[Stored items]
· · · ·

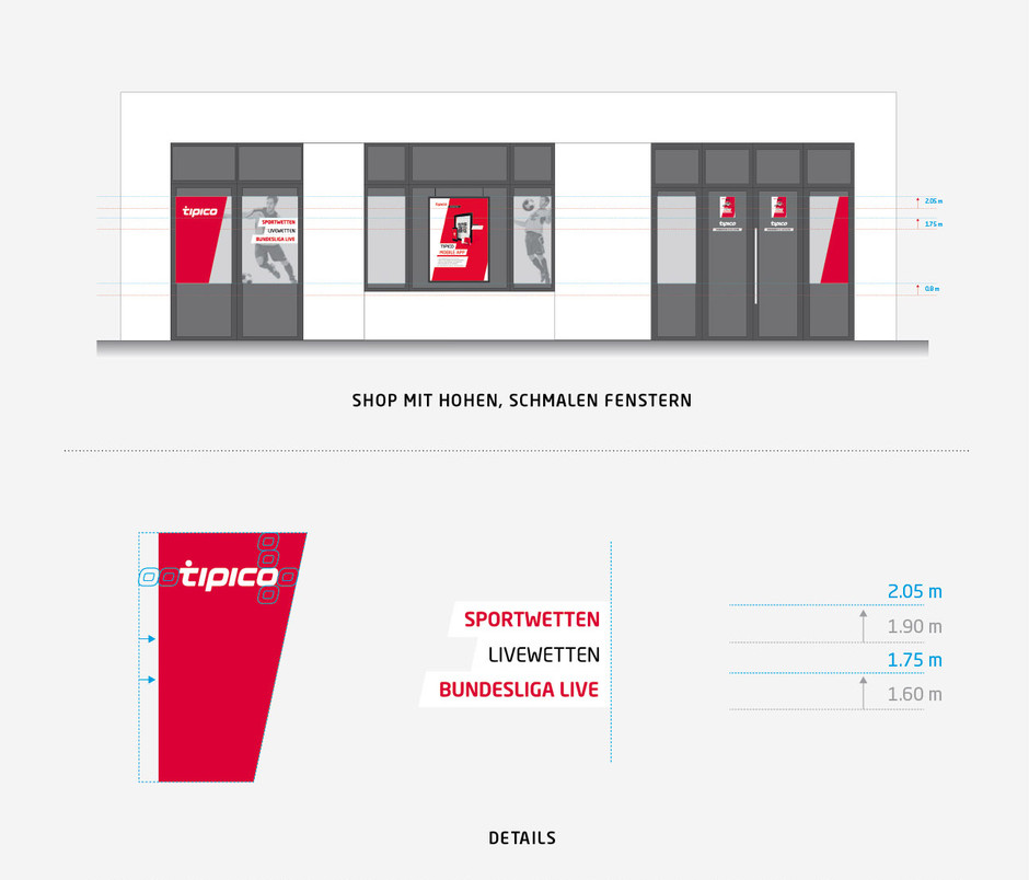 A betting shop in corner position offers the opportunity to make the Tipico brand of 2 pages visible.
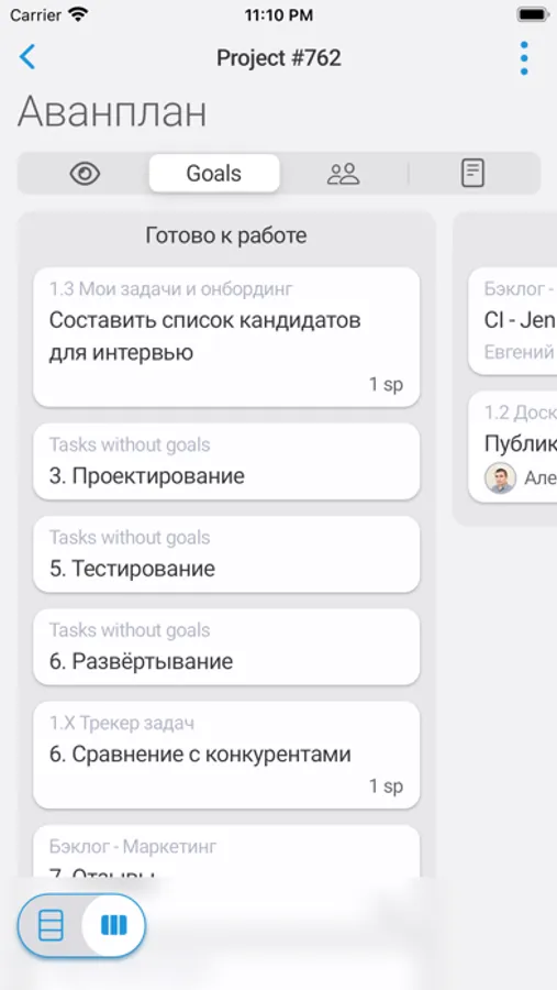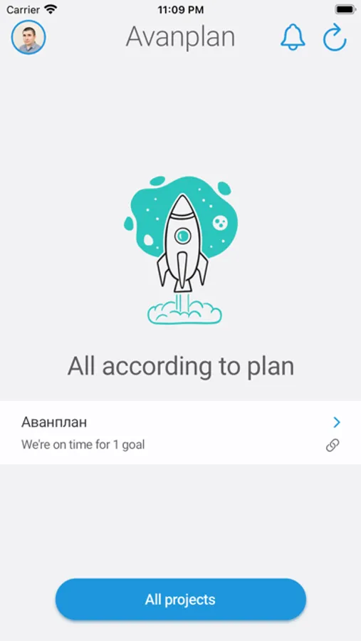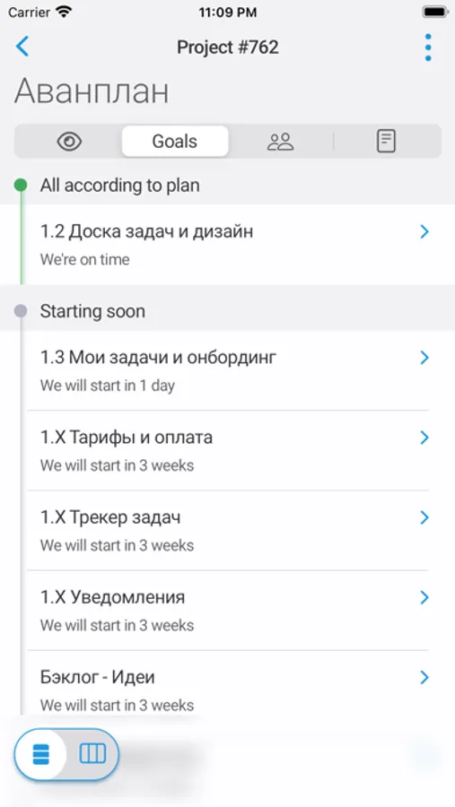 The app is designed to gathering information about the status of projects, consisting of goals and tasks. In the case of personal use, this is an improved analogue of the TODO-app or task-tracker.
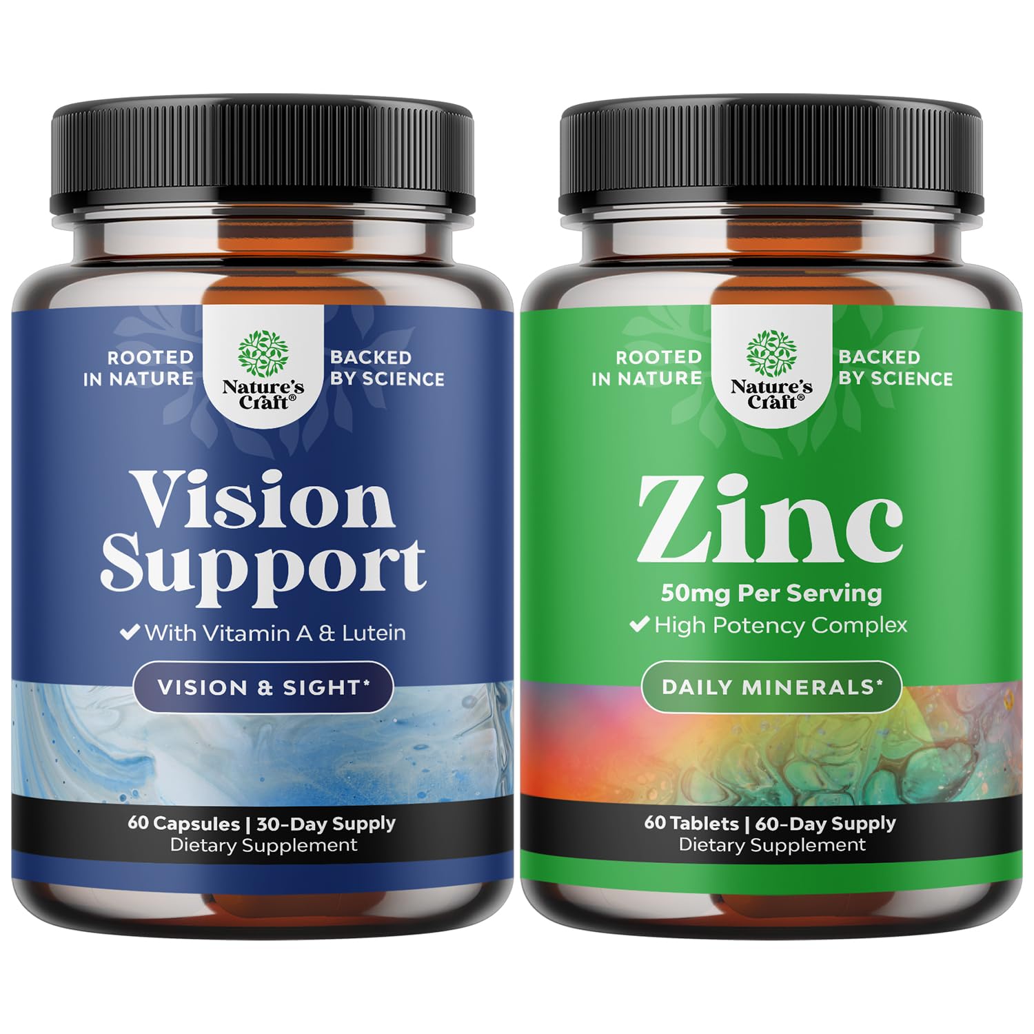 Natures Craft quality - We're proud to be a leading name in health supplements and we are committed to providing consumers like you with pure and responsibly-produced products you can trust. Zinc immune for adults - Say hello to safe and effective immune support that can provide plus keep your immune system functioning properly without needing to swallow a bunch of tablets everyday!. Zinc supplements - Try our zinc 50mg supplement and feel the difference with a pure zinc vitamin designed with your wellbeing in mind and feel the benefits like enhanced hair skin and nail growth. Unique Complex - Forget about those simple eye support products and try our eye care supplement with minerals amino acids bioflavonoids and herbal extracts and vision vitamins for eye support. Superstar Ingredients - Our specialized eye care supplement is packed with some of the most nourishing vitamins for eyes including Glutathione Lutein Vitamin A Quercetin and other eye health vitamins.
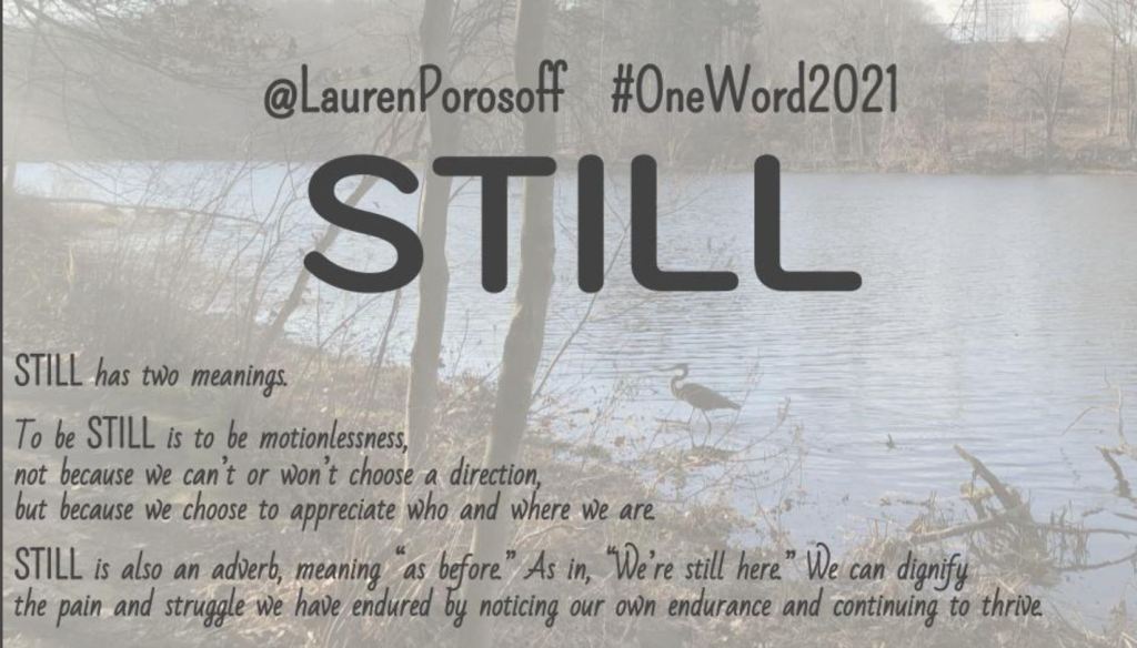 Lauren Porosoff was very thoughtful in sending along her #OneWord2021. Please take a minute, check out her creative graphic and the two meanings behind the word ‘still.’
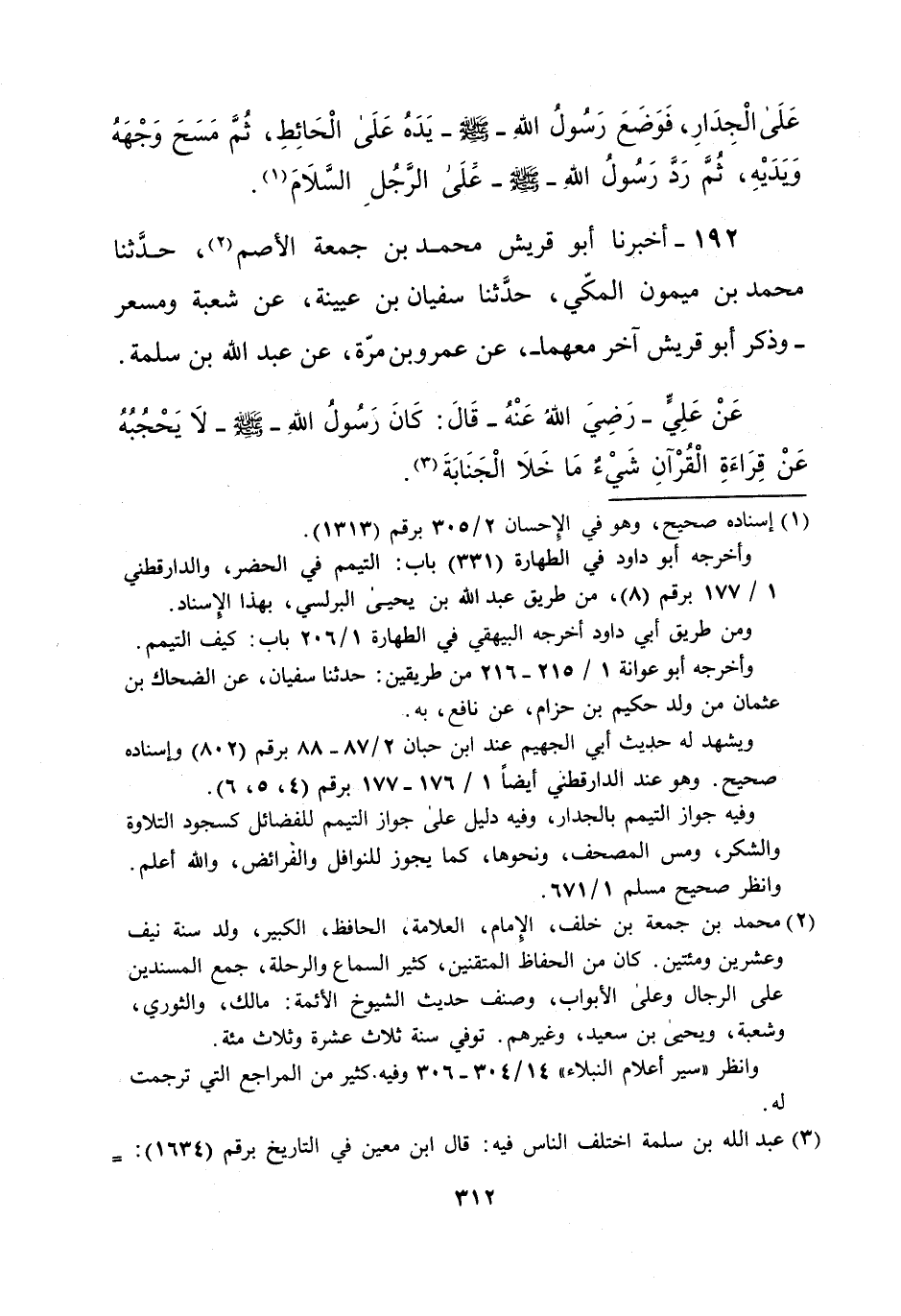 192 - أخبرنا أبو قريش محمد بن جمعة الأصم (¬2)، حدَّثنا محمد بن ميمون المكّي، حدَّثنا سفيان بن عيينة، عن شعبة ومسعر - وذكر أبو قريش آخر معهما-، عن عمرو بن مرّة، عن عبد الله بن سلمة. عَنْ عَلِيٍّ -رَضِيَ اللهُ عَنْهُ- قَالَ: كَانَ رَسُولُ اللهِ - صلى الله عليه وسلم -لا يَحْجُبُهُ عَنْ قِرَاءَةِ الْقُرْآنِ شَيْءٌ مَا خَلاَ الجنابة (¬3).

· · · ·

Restating the data word for word is the task, and pictures are to be omitted.

- [OUTPUT BELOW]
 A betting shop in corner position offers the opportunity to make the Tipico brand of 2 pages visible.
 The app is designed to gathering information about the status of projects, consisting of goals and tasks. In the case of personal use, this is an improved analogue of the TODO-app or task-tracker.
 Natures Craft quality - We're proud to be a leading name in health supplements and we are committed to providing consumers like you with pure and responsibly-produced products you can trust. Zinc immune for adults - Say hello to safe and effective immune support that can provide plus keep your immune system functioning properly without needing to swallow a bunch of tablets everyday!. Zinc supplements - Try our zinc 50mg supplement and feel the difference with a pure zinc vitamin designed with your wellbeing in mind and feel the benefits like enhanced hair skin and nail growth. Unique Complex - Forget about those simple eye support products and try our eye care supplement with minerals amino acids bioflavonoids and herbal extracts and vision vitamins for eye support. Superstar Ingredients - Our specialized eye care supplement is packed with some of the most nourishing vitamins for eyes including Glutathione Lutein Vitamin A Quercetin and other eye health vitamins.
 Lauren Porosoff was very thoughtful in sending along her #OneWord2021. Please take a minute, check out her creative graphic and the two meanings behind the word ‘still.’
 192 - أخبرنا أبو قريش محمد بن جمعة الأصم (¬2)، حدَّثنا محمد بن ميمون المكّي، حدَّثنا سفيان بن عيينة، عن شعبة ومسعر - وذكر أبو قريش آخر معهما-، عن عمرو بن مرّة، عن عبد الله بن سلمة. عَنْ عَلِيٍّ -رَضِيَ اللهُ عَنْهُ- قَالَ: كَانَ رَسُولُ اللهِ - صلى الله عليه وسلم -لا يَحْجُبُهُ عَنْ قِرَاءَةِ الْقُرْآنِ شَيْءٌ مَا خَلاَ الجنابة (¬3).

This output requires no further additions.